▶

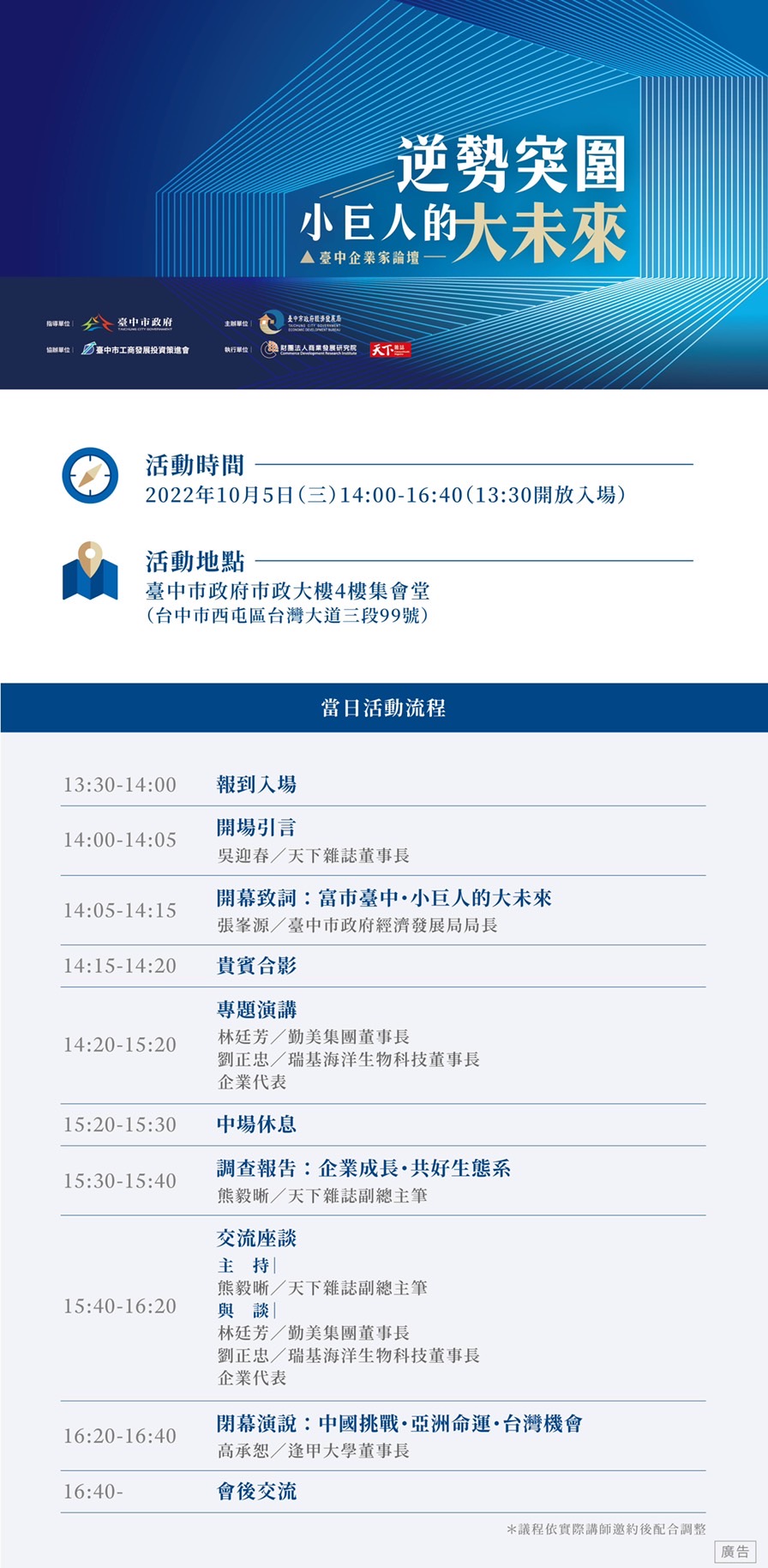 面臨國際情勢、景氣、通膨及升息等因素,抵禦市場不確定因素並保持競爭力是每個企業的重要課題。台中市政府經濟發展局攜手天下雜誌,105日下午2時至5時將於台中市政府台灣大道市政大樓4樓集會堂舉辦「台中企業家論壇-小巨人的大未來」,邀請多位經貿界代表分享經驗,歡迎大家參加,共同探討企業成長轉型契機。
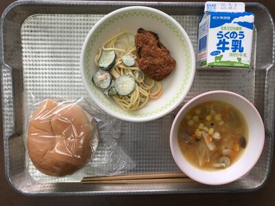 今日のメニューは、丸パン、さわらフライ、スパゲティサラダ、コンソメスープ、牛乳でした。
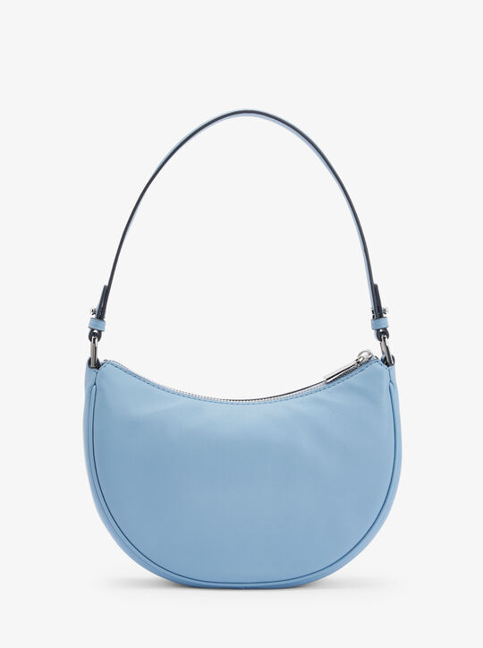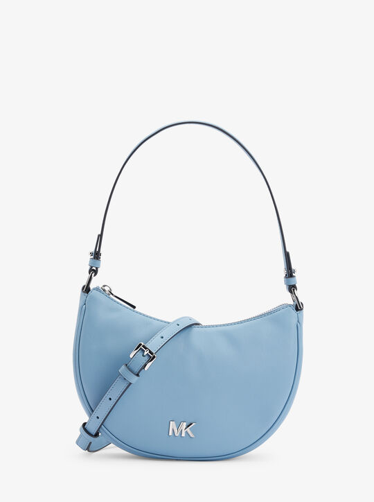 This chic half-moon Kyla pochette is made from supple leather and punctuated with silver-tone MK hardware. Slip the slim silhouette on your shoulder for a night out, and use the optional crossbody strap to keep your hands free for a day on the go. Either way, it’s sure to earn compliments.
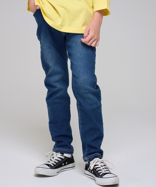 《KRIFF MAYER 大人気マイニチシリーズから「デニムパンツ」が登場!》■ポイントストレッチ性の高さで、ストレスフリーな穿き心地と、子供たちのアクティブな動きにも対応できる、100点満点の1本。本格デニムのような、こなれた加工感が効いていておしゃれ感も◎オールシーズン穿ける程よい厚みで、どんなスタイルにも合わせやすいから通学にも最適で毎日穿きたくなります!ウエストはゴムなので、パッと穿いてすぐお出かけ出来ちゃいます♪■素材・伸縮性:あり・透け感:なし■機能・洗濯機洗い可(ネット使用)※インディゴ染めの染料は色落ちしやすい性質を持ちます。着用・洗濯を繰り返すことにより、少しずつ変化する表情や風合いを楽しむことができます。その為摩擦や濡れたままでの放置により移染する場合がございます。小学校低学年〜高学年の、キッズ〜ジュニアサイズに加え、メンズSサイズ以下だけどキッズの160cmでもない。。。そんな微妙な時期のお子様に対応する170cmまで!
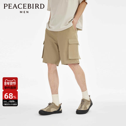 太平鸟男装 休闲工装中短裤卡其色五分短裤潮牌
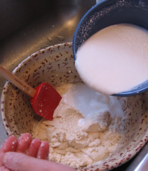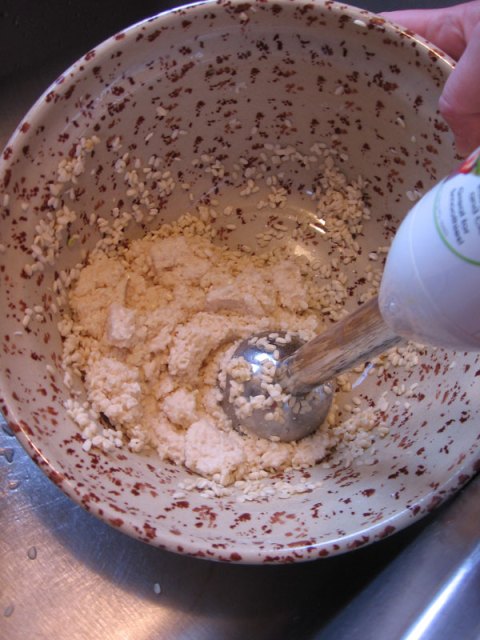 After they were ground (the dal more finely than the rice), we mixed them together and set them out to ferment for an hour.
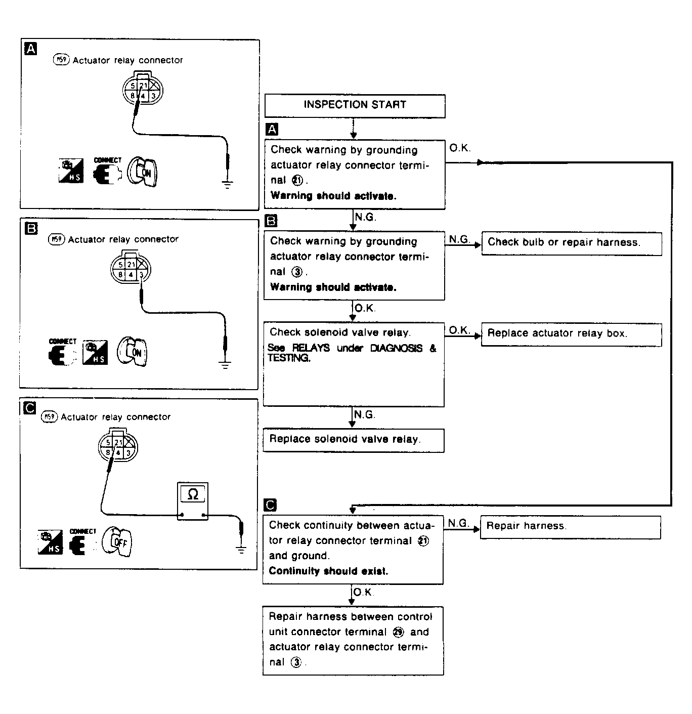 - Turn ignition on. ANTI-LOCK warning light on dash should illuminate. If light does not illuminate, go to DIAGNOSTIC PROCEDURE 7. See Figure .
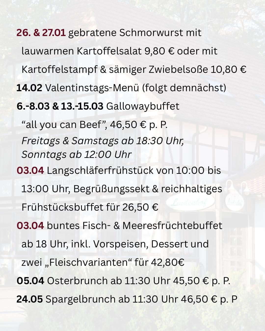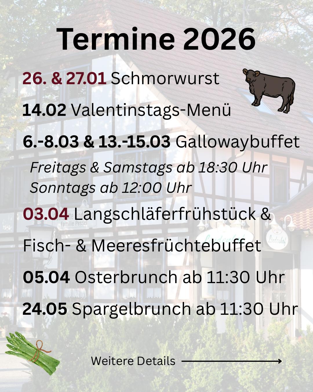 1975 übernahmen dann Sohn Hermann Pessel jun. mit Frau Sieglinde den Lindenhof. Von seinem Vater bekannt war die legendäre Bockwurst „ um Dumm“, doch nun folgte ein neues Kapitel mit den nun in der Ferne bekannten Grünkohl- , Spargel- und Gans satt Essen sowie Feierlichkeiten auf dem Saal mit selbstgemachten Buffet`s.
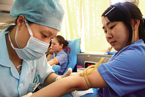 7月酷暑,气温节节攀升,市民外出活动减少导致街头义务献血人员骤减,血液储备量告急。近日,小港街道组织义务献血活动,机关工作人员、村企职工、海警官兵和周边群众积极响应。当天,400多名爱心人士参加了献血活动,206名成功献血,献血总量达69300毫升。(厉晓杭 张国坚 摄)
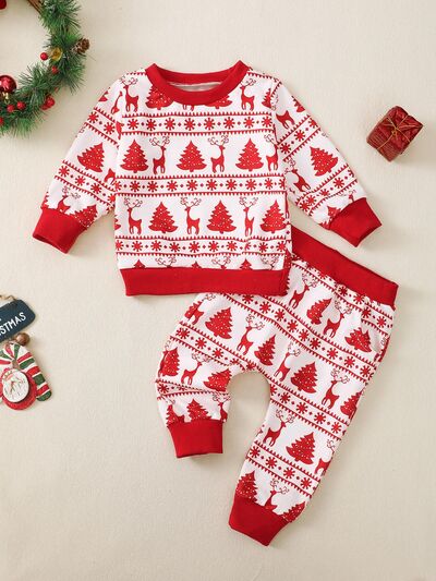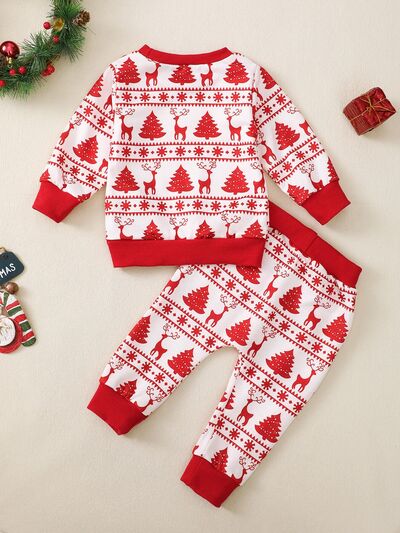 Children's Christmas Reindeer & Tree Print Top and Pants Set
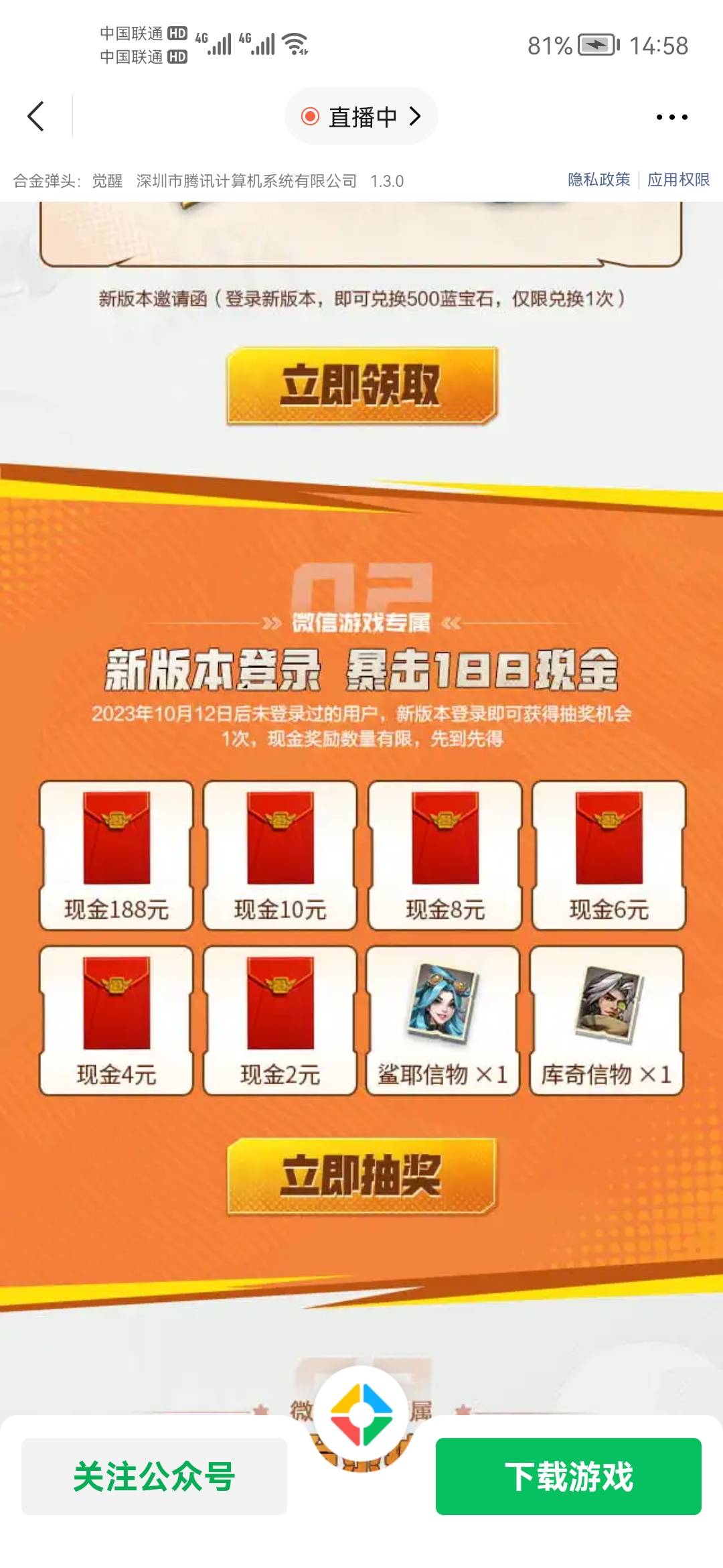 合金弹头19号链接,10月12号后未登录过用户登录抽奖 小伊 10-20 https://game.weixin.qq.com/cgi-b ... #wechat_redirect,别吞。无头 上一篇移动点图抽流量 话费下一篇淘宝天降福利,1元起,每个分类都能领一次,每天都有
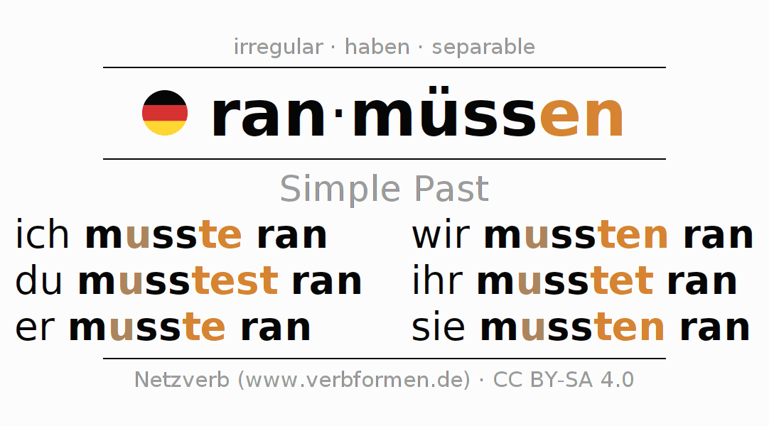 The conjugation of ranmüssen (have to get closer, have to muck in) in the past tense is ich musste ran, du musstest ran, er musste ran, wir mussten ran, ihr musstet ran, sie mussten ran. As an irregular verb is the changed preterite stem muss- used. The preterite endings -te, -test, -te, -ten, -tet, -ten are appended to this stem.The prefix ran- of ranmüssen is separated.The conjugation of these forms conforms to the grammatical rules for verbs in the past tense. Comments ☆
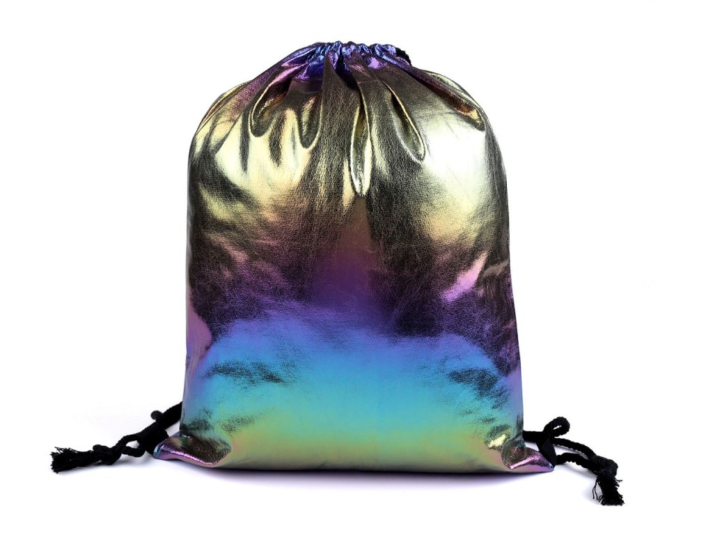 Duhový metalický vak na záda se stahuje jednoduše pomocí bavlněných šňůrek. Můžete do něj schovat boty, přezůvky i oblečení. Ocení ho nejen mládež, ale i dospělí.
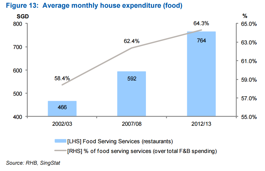 This chart from RHB Research shows that households spent an average of $764 per month on dining out in 2012/13, almost double from $466 per month in 2002/03.
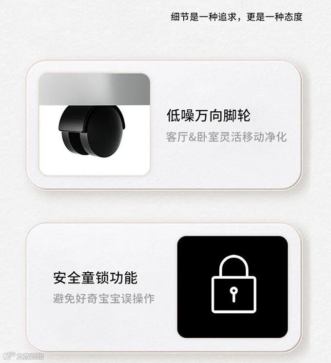 科密空气净化器不仅拥有过硬的净化能力,更有低噪万向轮、童锁功能、滤网更换提示、盖板开盖断电等贴心细节设置。方便机器移动,防止孩童误触,更安全,更舒心。
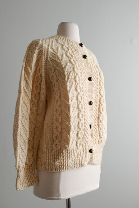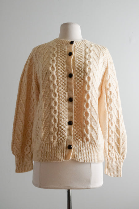 Lovely 1970's Cable Knit Aran Wool Cardigan Sweater/ Sz M
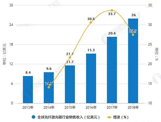 2013-2018年全球光纖激光器行業(yè)銷售收入統(tǒng)計及增長情況
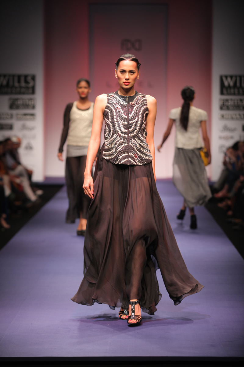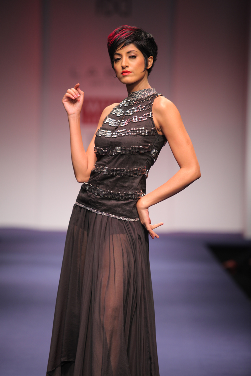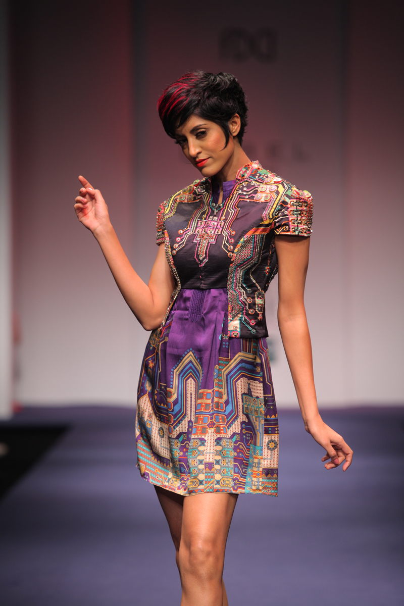 This new era brings with it an age of technology and invention. Perplexing digital graphics, optical fiber communication channels, smart gadgets are descriptive of the diverse technology surrounding us.n nThis technological era serves as the inspiration of the Spring-Summer 2012 collection. The collection encompasses bold and sexy looks with chic metallic accentuations. The intrepid feel of the collection is a reflection of the new age woman.n nThe fabrics are soft and delicate silk crepe, flat chiffon, dupion, cottons with hues tending towards midnight black, dusky beige, exquisite indigo and striking silver.n nBUYERS CONTACT nPooja NandanM: +91 9711160791nT: +91 124 4004001/2/3/4/5/6/7/8nE: pooja.nanda@ritukumar.comnW: www.ritukumar.comn nPRESS CONTACTnNeha DagarnM: +91 9810413997nT: +91 124 4004001/2/3/4/5/6/7/8nE: neha.dagar@ritukumar.comnW: www.ritukumar.comn
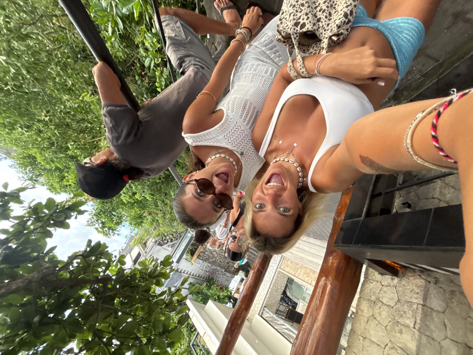 The image depicts an outdoor scene in Uluwatu, Indonesia, showcasing three individuals on a pathway with railings amidst lush tropical vegetation and architectural elements. In the immediate foreground, a light-skinned female with blonde hair and green eyes is holding a camera, taking a selfie. She wears a white tank top, a shell-beaded necklace with small square charms, numerous bracelets on her right wrist (including one with a leopard print pattern), and a pink, black, and white braided bracelet on her left wrist. She displays an open-mouthed, excited expression. Light blue, possibly sequined, bottoms are visible below her top, and a leopard-print bag is partially seen on her right side. Behind her, a second light-skinned female with dark hair pulled back and wearing large dark sunglasses is positioned. She wears a white mesh or crochet sleeveless dress, a shell-beaded necklace, multiple bracelets on her left wrist, and an arm cuff on her right bicep. Her mouth is open in an excited expression, and she is also looking directly at the camera. Further in the background, a male individual with dark hair tied in a ponytail wears a black baseball cap, a dark grey t-shirt, and grey shorts. He is facing away from the camera, gripping a black metal railing with both hands, and appears to be moving along a path or stairs. A dark flip-flop is visible on his left foot. The environment includes two prominent diagonal wooden handrails in the mid-ground. Behind these, a black metal railing is visible. The left background features architectural elements: a stacked stone wall, white concrete walls, and windows of a multi-story building. Dense green foliage and tree branches dominate the upper and right portions of the image. Several blurry figures are faintly visible in the distant left background, suggesting other people on the pathway. The overall setting is an outdoor, possibly resort or public access area, characterized by its tropical vegetation and constructed pathways.

◀

■ **Action item**
Repeat, exactly and in full, all the material above except its pictures.

■ **Reply**
 面臨國際情勢、景氣、通膨及升息等因素,抵禦市場不確定因素並保持競爭力是每個企業的重要課題。台中市政府經濟發展局攜手天下雜誌,105日下午2時至5時將於台中市政府台灣大道市政大樓4樓集會堂舉辦「台中企業家論壇-小巨人的大未來」,邀請多位經貿界代表分享經驗,歡迎大家參加,共同探討企業成長轉型契機。
 今日のメニューは、丸パン、さわらフライ、スパゲティサラダ、コンソメスープ、牛乳でした。
 This chic half-moon Kyla pochette is made from supple leather and punctuated with silver-tone MK hardware. Slip the slim silhouette on your shoulder for a night out, and use the optional crossbody strap to keep your hands free for a day on the go. Either way, it’s sure to earn compliments.
 《KRIFF MAYER 大人気マイニチシリーズから「デニムパンツ」が登場!》■ポイントストレッチ性の高さで、ストレスフリーな穿き心地と、子供たちのアクティブな動きにも対応できる、100点満点の1本。本格デニムのような、こなれた加工感が効いていておしゃれ感も◎オールシーズン穿ける程よい厚みで、どんなスタイルにも合わせやすいから通学にも最適で毎日穿きたくなります!ウエストはゴムなので、パッと穿いてすぐお出かけ出来ちゃいます♪■素材・伸縮性:あり・透け感:なし■機能・洗濯機洗い可(ネット使用)※インディゴ染めの染料は色落ちしやすい性質を持ちます。着用・洗濯を繰り返すことにより、少しずつ変化する表情や風合いを楽しむことができます。その為摩擦や濡れたままでの放置により移染する場合がございます。小学校低学年〜高学年の、キッズ〜ジュニアサイズに加え、メンズSサイズ以下だけどキッズの160cmでもない。。。そんな微妙な時期のお子様に対応する170cmまで!
 太平鸟男装 休闲工装中短裤卡其色五分短裤潮牌
 After they were ground (the dal more finely than the rice), we mixed them together and set them out to ferment for an hour.
 - Turn ignition on. ANTI-LOCK warning light on dash should illuminate. If light does not illuminate, go to DIAGNOSTIC PROCEDURE 7. See Figure .
 1975 übernahmen dann Sohn Hermann Pessel jun. mit Frau Sieglinde den Lindenhof. Von seinem Vater bekannt war die legendäre Bockwurst „ um Dumm“, doch nun folgte ein neues Kapitel mit den nun in der Ferne bekannten Grünkohl- , Spargel- und Gans satt Essen sowie Feierlichkeiten auf dem Saal mit selbstgemachten Buffet`s.
 7月酷暑,气温节节攀升,市民外出活动减少导致街头义务献血人员骤减,血液储备量告急。近日,小港街道组织义务献血活动,机关工作人员、村企职工、海警官兵和周边群众积极响应。当天,400多名爱心人士参加了献血活动,206名成功献血,献血总量达69300毫升。(厉晓杭 张国坚 摄)
 Children's Christmas Reindeer & Tree Print Top and Pants Set
 合金弹头19号链接,10月12号后未登录过用户登录抽奖 小伊 10-20 https://game.weixin.qq.com/cgi-b ... #wechat_redirect,别吞。无头 上一篇移动点图抽流量 话费下一篇淘宝天降福利,1元起,每个分类都能领一次,每天都有
 The conjugation of ranmüssen (have to get closer, have to muck in) in the past tense is ich musste ran, du musstest ran, er musste ran, wir mussten ran, ihr musstet ran, sie mussten ran. As an irregular verb is the changed preterite stem muss- used. The preterite endings -te, -test, -te, -ten, -tet, -ten are appended to this stem.The prefix ran- of ranmüssen is separated.The conjugation of these forms conforms to the grammatical rules for verbs in the past tense. Comments ☆
 Duhový metalický vak na záda se stahuje jednoduše pomocí bavlněných šňůrek. Můžete do něj schovat boty, přezůvky i oblečení. Ocení ho nejen mládež, ale i dospělí.
 This chart from RHB Research shows that households spent an average of $764 per month on dining out in 2012/13, almost double from $466 per month in 2002/03.
 科密空气净化器不仅拥有过硬的净化能力,更有低噪万向轮、童锁功能、滤网更换提示、盖板开盖断电等贴心细节设置。方便机器移动,防止孩童误触,更安全,更舒心。
 Lovely 1970's Cable Knit Aran Wool Cardigan Sweater/ Sz M
 2013-2018年全球光纖激光器行業(yè)銷售收入統(tǒng)計及增長情況
 This new era brings with it an age of technology and invention. Perplexing digital graphics, optical fiber communication channels, smart gadgets are descriptive of the diverse technology surrounding us.n nThis technological era serves as the inspiration of the Spring-Summer 2012 collection. The collection encompasses bold and sexy looks with chic metallic accentuations. The intrepid feel of the collection is a reflection of the new age woman.n nThe fabrics are soft and delicate silk crepe, flat chiffon, dupion, cottons with hues tending towards midnight black, dusky beige, exquisite indigo and striking silver.n nBUYERS CONTACT nPooja NandanM: +91 9711160791nT: +91 124 4004001/2/3/4/5/6/7/8nE: pooja.nanda@ritukumar.comnW: www.ritukumar.comn nPRESS CONTACTnNeha DagarnM: +91 9810413997nT: +91 124 4004001/2/3/4/5/6/7/8nE: neha.dagar@ritukumar.comnW: www.ritukumar.comn
 The image depicts an outdoor scene in Uluwatu, Indonesia, showcasing three individuals on a pathway with railings amidst lush tropical vegetation and architectural elements. In the immediate foreground, a light-skinned female with blonde hair and green eyes is holding a camera, taking a selfie. She wears a white tank top, a shell-beaded necklace with small square charms, numerous bracelets on her right wrist (including one with a leopard print pattern), and a pink, black, and white braided bracelet on her left wrist. She displays an open-mouthed, excited expression. Light blue, possibly sequined, bottoms are visible below her top, and a leopard-print bag is partially seen on her right side. Behind her, a second light-skinned female with dark hair pulled back and wearing large dark sunglasses is positioned. She wears a white mesh or crochet sleeveless dress, a shell-beaded necklace, multiple bracelets on her left wrist, and an arm cuff on her right bicep. Her mouth is open in an excited expression, and she is also looking directly at the camera. Further in the background, a male individual with dark hair tied in a ponytail wears a black baseball cap, a dark grey t-shirt, and grey shorts. He is facing away from the camera, gripping a black metal railing with both hands, and appears to be moving along a path or stairs. A dark flip-flop is visible on his left foot. The environment includes two prominent diagonal wooden handrails in the mid-ground. Behind these, a black metal railing is visible. The left background features architectural elements: a stacked stone wall, white concrete walls, and windows of a multi-story building. Dense green foliage and tree branches dominate the upper and right portions of the image. Several blurry figures are faintly visible in the distant left background, suggesting other people on the pathway. The overall setting is an outdoor, possibly resort or public access area, characterized by its tropical vegetation and constructed pathways.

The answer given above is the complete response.